While hyperspectral imaging provides rich spatial-spectral information across hundreds of narrow wavelength bands for precise material identification, ground-based hyperspectral pre-trained backbones remain absent, constrained by varying spectral configurations across sensors, the scarcity and inconsistency of labels, and the limited scale and scene diversity of existing datasets. To address these challenges and enable universal perception, we propose HyperVision, the first ground-based hyperspectral pre-trained backbone. First, to handle varying spectral configurations, HyperVision adopts a channel-adaptive dynamic embedding mechanism to map heterogeneous inputs into a unified token space. Second, to address the scarcity and inconsistency of labels, we introduce a multi-source pseudo-labeling method that fuses semantic representations from both spatial structures generated by SAM2 and fine-grained spectral material information extracted by HyperFree. Third, to compensate for limited dataset scale and enrich scene diversity, a cross-modal knowledge distillation mechanism is utilized to transfer rich semantic representations from a pre-trained RGB vision model to our hyperspectral backbone. Pre-trained on a collection of 15k images from 26 diverse ground-based datasets, HyperVision demonstrates exceptional generalization. Requiring only efficient head-only adaptation without adjusting backbone parameters, it achieves state-of-the-art performance compared to task-specific methods across three downstream tasks under varying sensor configurations, yielding up to a 16.3% relative improvement in hyperspectral semantic segmentation $\text{Acc}_{\text{M}}$, a 2.1% relative gain in object tracking AUC, and a 35.5% reduction in salient object detection MAE. The source code and pre-trained model will be publicly available online.

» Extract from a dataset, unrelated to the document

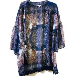Cute sheer kimono / cardigan . Very colorful and can be worn over versatile outfits. Size medium to large, good condition .

## 🛠️ Main Code (HyperVision)

The core architecture and model initialization utilities are located under the [HyperVision](./HyperVision) directory. 

To initialize the model, you can use the model builder functions from [HyperVision/build_HyperVision.py](./HyperVision/build_HyperVision.py). The pre-trained checkpoints can be downloaded from [Hugging Face Checkpoints](https://huggingface.co/IronKitty/HyperVision/tree/main/checkpoints).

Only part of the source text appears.